The mRNA cancer vaccine has been proposed to be able to take the place of other traditional vaccination platforms for cancer immunotherapy due to its high potency, safe administration, quick development potential, and affordable production [83]. The tumour antigens encoding mRNA vaccines can stimulate tumour-specific immune responses by firstly targeting antigen-presenting cells (APC) such as dendritic cells (DCs) to express antitumour antigens which can be recognized by the CD8+ T-cells [84]. Nanomaterials play a crucial role in cancer vaccine development as they can act as delivery systems of tumour-associated antigens (TAAs), tumour-specific antigens (TSAs), or peptides (neoantigens) and for targeting specific immune cell types [85]. The nanomaterials can also serve as adjuvants that can directly enhance cellular and humoral immune responses in cancer immunotherapy.
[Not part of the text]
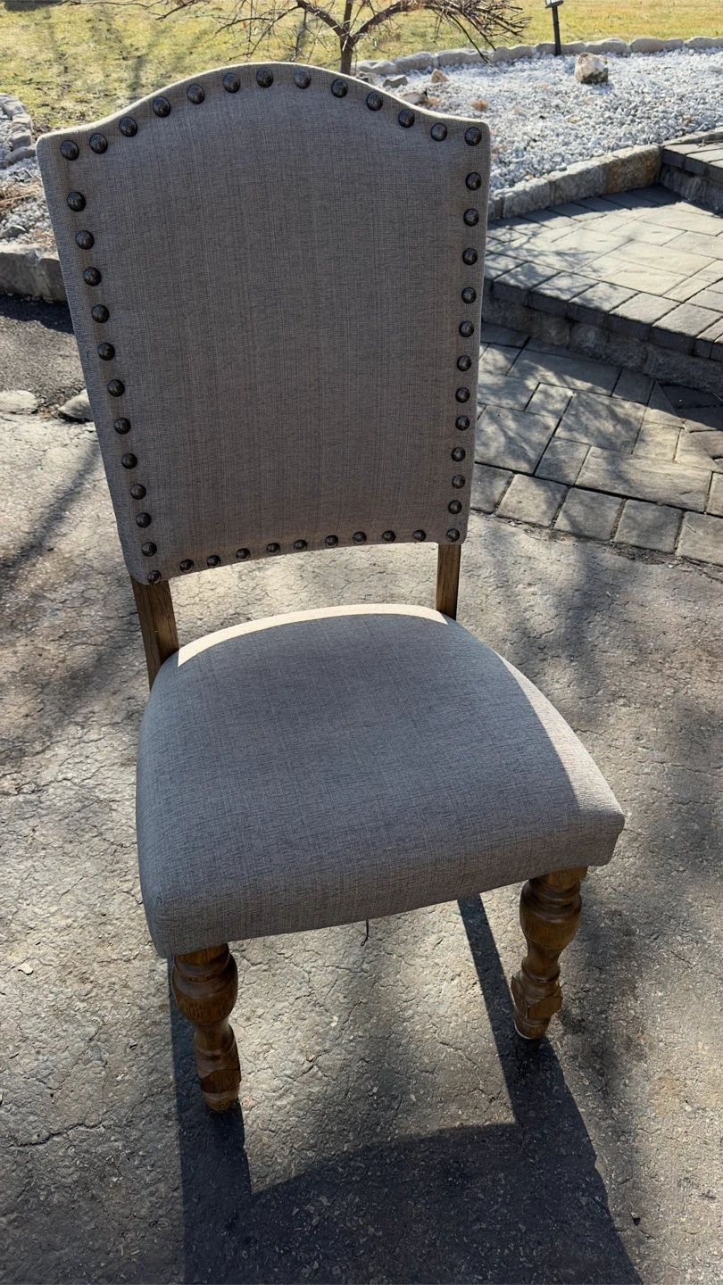 This upholstered dining chair features a classic design with decorative nailhead trim. Its neutral fabric and turned wooden legs complement various decor styles. It's a sturdy piece for your dining room or accent seating. $45 each chair.

Since the late 1990s, the mRNA-based approach of expressing TAAs on DCs has opened the path to the current cell (APCs) and site (e.g., lymph nodes) specific nanovaccine applications for cancer immunotherapy [86]. The A liposomal mRNA vaccine, FixVac BNT111 (BioNTech SE, Mainz, Germany) which can encode 4 different TSAs, was observed to cause antigen-specific cytotoxic T-cell responses among melanoma patients during clinical trials (NCT02410733) [87]. The distinctive feature of mRNA vaccines is that they can be customized based on antigen genetic mutation features for efficient cancer treatment [88]. There are currently various clinical trials for melanoma stage III/IV (BNT111 and mRNA-4157), prostate cancer (BNT112 and CV9103), ovarian cancer (W_ova1 and mRNA-2416), colorectal cancer stage II/III (BNT122), non-small-cell lung cancer (BNT116), and solid tumours (mRNA-4157 and BNT151) based on mRNA-based vaccines [89]. To improve the efficacy of the cancer vaccines, immune checkpoint inhibitors (ICIs) can also be used against nonimmunogenic (diminished cytotoxic killing activity against tumour cells) tumours such as prostate and pancreatic cancers [90].

3. Conclusions

In the immediate aftermath of the SARS-CoV-2 pandemic, nanovaccines may be effective in combatting many other infectious diseases, such as the Middle East respiratory syndrome (MERS-CoV), HIV, malaria, and Zika virus, which still require effective and affordable vaccines. In the future, we are more likely to see novel nanotechnologies being used to reformulate old vaccines since nanocarrier-based delivery systems can get the vaccine to target areas, unlike conventional vaccines. The future epidemic is more likely to be confronted with new nanotechnologies due to advances in the field of nanotechnology. Nanovaccines have thus far presented themselves as effective and best to use to tackle this pandemic since there is an urgent need to develop effective and safe vaccines and therapeutics against the rising virus variants. They have demonstrated high efficacy and minimal life-threatening side effects. The greatest prophylactic approach against the SARS-CoV-2 pandemic has been nucleic acid-based vaccines, notably mRNA nanotech vaccines, which are effective against both novel coronavirus and its numerous variants. These nucleic acid-based vaccines are currently being administered worldwide in the fight against SARS-CoV-2. Nanovaccines have presented more advantages compared to traditional vaccines in the fight against SARS-CoV-2.

Data Availability

No underlying data was collected or produced in this study.

Conflicts of Interest

The authors declare that there is no conflict of interest regarding the publication of this paper.

Acknowledgments

The financial support was provided by the Department of Science and Innovation (Grant No. DST/Con: C2136/2021).